Only the text belongs in the copy. Transcribe the data exactly and drop any pictures.
--- START ---
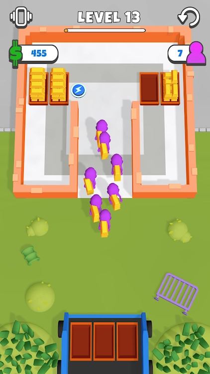 顾名思义,所有玩家需要做的就是进入房间,在每个级别偷金条,然后将金条转移到外面的安全地方进行堆放。这是一款需要很高的团队合作能力的游戏。您不仅必须共同移动金条,而且还应谨慎行事,避免敌人的调查,并将它们全部迅速运送到您的家中,周围的人找不到它们;应该没有杂物,否则很容易发生故障。
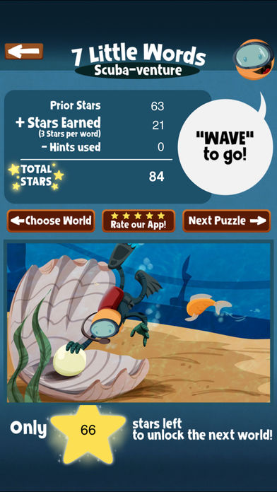 * 2013 Children's Technology Review - Editor's Choice Award for Excellence in Design * Well done. You've found the version of 7 Little Words that's made just for kids! Discover 7 colorful worlds as you solve the mini word puzzles. But don't worry if you get stuck. You can always get a hint if you need it. It's made just for kids, but many parents will love it too. 7 Little Words for Kids features: * KID SAFE! No ads and no in-app purchases * 350 EASY words and clues * Randomly generated puzzles for infinite replay * Earn stars to unlock each world * Cool statistics Discover 7 colorful worlds: * Scuba-venture * On Safari * The Museum * Down Under * Frozen Fun * Spacewalk * Dino-World Over 6,000,000 people have downloaded the grown-up version of 7 Little Words, which was recognized in O, The Oprah Magazine and which received an Honorable Mention for Best Educational Game in the 2011 Best App Ever Awards. From the creators of Moxie. Retina and iPad ready.
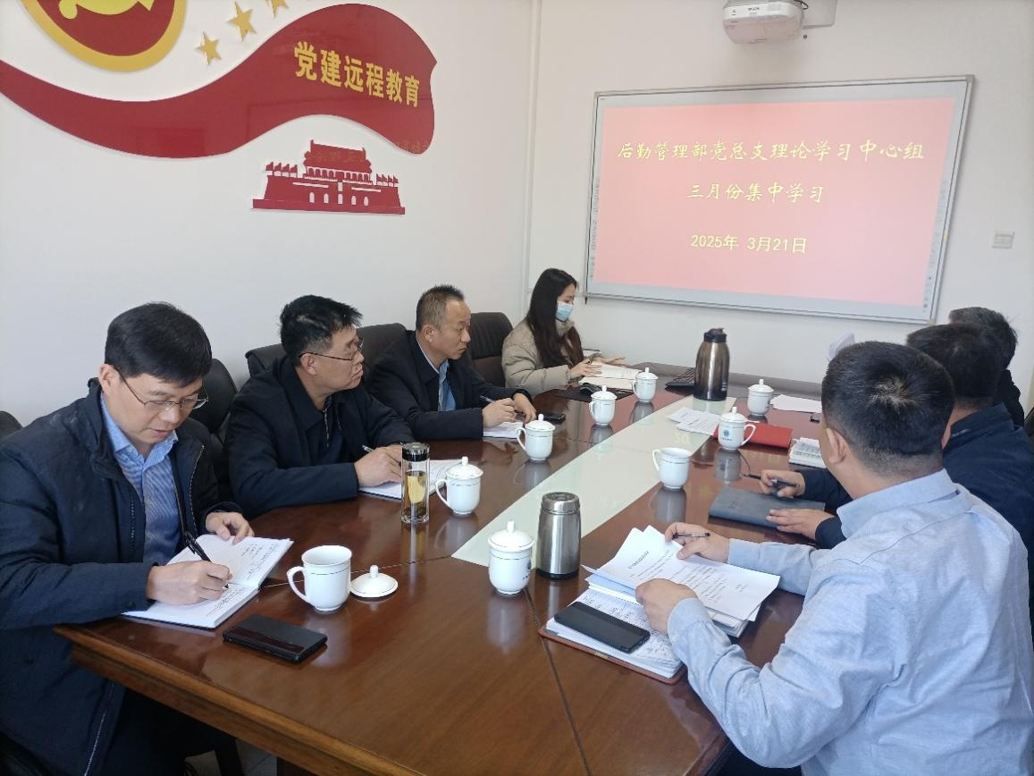 根据2025年后勤管理部党总支理论学习中心组年度学习计划及上级党委安排部署,3月21日,后勤管理部党总支理论学习中心组在党建远程教育室召开2025年第一次集中学习会议。党总支书记杨湖主持会议,理论学习中心组成员参加会议。
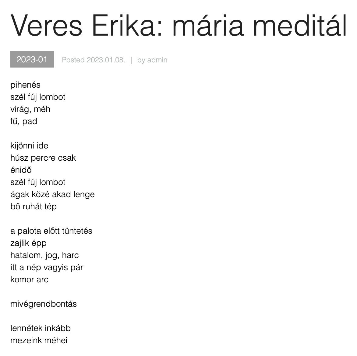 Veres Erika mária meditál című verse az Irodalmi Szemle 2023/1. számában jelent meg, teljes terjedelemben az Irodalmi Szemle online felületén olvasható.
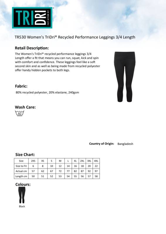 The Women’s TriDri® recycled performance leggings 3/4 length offer a fit that means you can run, squat, kick and spin with comfort and confidence. These leggings feel like a soft second skin; and, as well as being made from recycled polyester, they have handy hidden pockets in both legs.3/4-length leggingsSoft-stretch fabricElasticated waistbandBlack inner waistband and coin pocketSide panels to legs with hidden insert pocketRecycled PolyesterWe recommend using block out vinyl and inks.Product contains no branded neck or waist labelRemovable Kimble or looped garment tagsInner seam label holds important product information on one label with a second label containing brand information which can be cut-away.Accreditations: SEDEX|Amfori BSCI|GRS (Licence)Age Group: AdultFabric: 80% Recycled polyester, 20% ElastaneGender: FemalePlus Size: YesProduct Type: LeggingsSize Range: XXS to 4XLSizing To Fit: XXS 6 XS 8 S 10 M 12 L 14 XL 16 2XL 18 3XL 20 4XL 22Tag: Cut-away inner labelWashing Instructions: Machine wash at 40°C. Line dry. Wash with similar colours. Do not bleach. Warm iron. Do not tumble dry. Do not dry clean. Wash inside out.Weight (GSM): 240gsm]]>
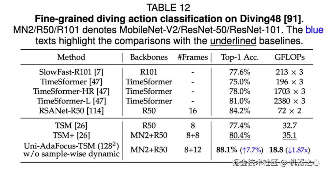 在 7 个学术数据集(ActivityNet, FCVID, Mini-Kinetics, Sth-Sth V1&V2, Jester, Kinetics-400)和 3 个应用场景(使用脑 MRI 诊断阿尔兹海默症和帕金森综合征、细粒度跳水动作识别、互联网不良视频检测)上进行了验证,Uni-AdaFocus 发挥稳定,特定典型情况下可实现多达 23 倍的(性能无损)推理加速或高达 7.7% 的准确性提升。
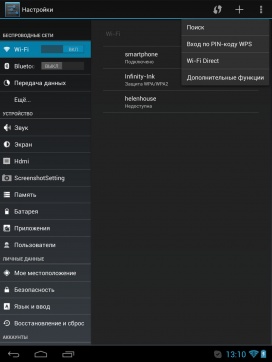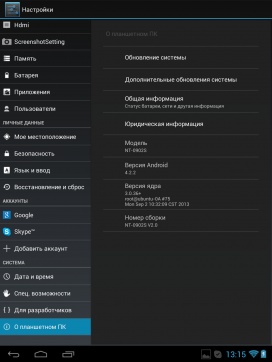 Работает планшет под управлением операционной системы Android 4.1 Jelly Bean «из коробки». Но в ходе тестирования на официальном сайте производителя я нашла прошивку Android 4.2.2, которую без проблем, следуя всем предписаниям инструкции, установила на девайс. И не пожалела. Если с Android 4.1 работу интерфейса меню трудно было назвать идеально быстрой — навигация по системе и настройкам совершалась скорее плавно, то после установки ОС Android 4.2.2 аппарат стал заметно «шустрее».
--- END ---
→ Output of the exercise
 顾名思义,所有玩家需要做的就是进入房间,在每个级别偷金条,然后将金条转移到外面的安全地方进行堆放。这是一款需要很高的团队合作能力的游戏。您不仅必须共同移动金条,而且还应谨慎行事,避免敌人的调查,并将它们全部迅速运送到您的家中,周围的人找不到它们;应该没有杂物,否则很容易发生故障。
 * 2013 Children's Technology Review - Editor's Choice Award for Excellence in Design * Well done. You've found the version of 7 Little Words that's made just for kids! Discover 7 colorful worlds as you solve the mini word puzzles. But don't worry if you get stuck. You can always get a hint if you need it. It's made just for kids, but many parents will love it too. 7 Little Words for Kids features: * KID SAFE! No ads and no in-app purchases * 350 EASY words and clues * Randomly generated puzzles for infinite replay * Earn stars to unlock each world * Cool statistics Discover 7 colorful worlds: * Scuba-venture * On Safari * The Museum * Down Under * Frozen Fun * Spacewalk * Dino-World Over 6,000,000 people have downloaded the grown-up version of 7 Little Words, which was recognized in O, The Oprah Magazine and which received an Honorable Mention for Best Educational Game in the 2011 Best App Ever Awards. From the creators of Moxie. Retina and iPad ready.
 根据2025年后勤管理部党总支理论学习中心组年度学习计划及上级党委安排部署,3月21日,后勤管理部党总支理论学习中心组在党建远程教育室召开2025年第一次集中学习会议。党总支书记杨湖主持会议,理论学习中心组成员参加会议。
 Veres Erika mária meditál című verse az Irodalmi Szemle 2023/1. számában jelent meg, teljes terjedelemben az Irodalmi Szemle online felületén olvasható.
 The Women’s TriDri® recycled performance leggings 3/4 length offer a fit that means you can run, squat, kick and spin with comfort and confidence. These leggings feel like a soft second skin; and, as well as being made from recycled polyester, they have handy hidden pockets in both legs.3/4-length leggingsSoft-stretch fabricElasticated waistbandBlack inner waistband and coin pocketSide panels to legs with hidden insert pocketRecycled PolyesterWe recommend using block out vinyl and inks.Product contains no branded neck or waist labelRemovable Kimble or looped garment tagsInner seam label holds important product information on one label with a second label containing brand information which can be cut-away.Accreditations: SEDEX|Amfori BSCI|GRS (Licence)Age Group: AdultFabric: 80% Recycled polyester, 20% ElastaneGender: FemalePlus Size: YesProduct Type: LeggingsSize Range: XXS to 4XLSizing To Fit: XXS 6 XS 8 S 10 M 12 L 14 XL 16 2XL 18 3XL 20 4XL 22Tag: Cut-away inner labelWashing Instructions: Machine wash at 40°C. Line dry. Wash with similar colours. Do not bleach. Warm iron. Do not tumble dry. Do not dry clean. Wash inside out.Weight (GSM): 240gsm]]>
 在 7 个学术数据集(ActivityNet, FCVID, Mini-Kinetics, Sth-Sth V1&V2, Jester, Kinetics-400)和 3 个应用场景(使用脑 MRI 诊断阿尔兹海默症和帕金森综合征、细粒度跳水动作识别、互联网不良视频检测)上进行了验证,Uni-AdaFocus 发挥稳定,特定典型情况下可实现多达 23 倍的(性能无损)推理加速或高达 7.7% 的准确性提升。
 Работает планшет под управлением операционной системы Android 4.1 Jelly Bean «из коробки». Но в ходе тестирования на официальном сайте производителя я нашла прошивку Android 4.2.2, которую без проблем, следуя всем предписаниям инструкции, установила на девайс. И не пожалела. Если с Android 4.1 работу интерфейса меню трудно было назвать идеально быстрой — навигация по системе и настройкам совершалась скорее плавно, то после установки ОС Android 4.2.2 аппарат стал заметно «шустрее».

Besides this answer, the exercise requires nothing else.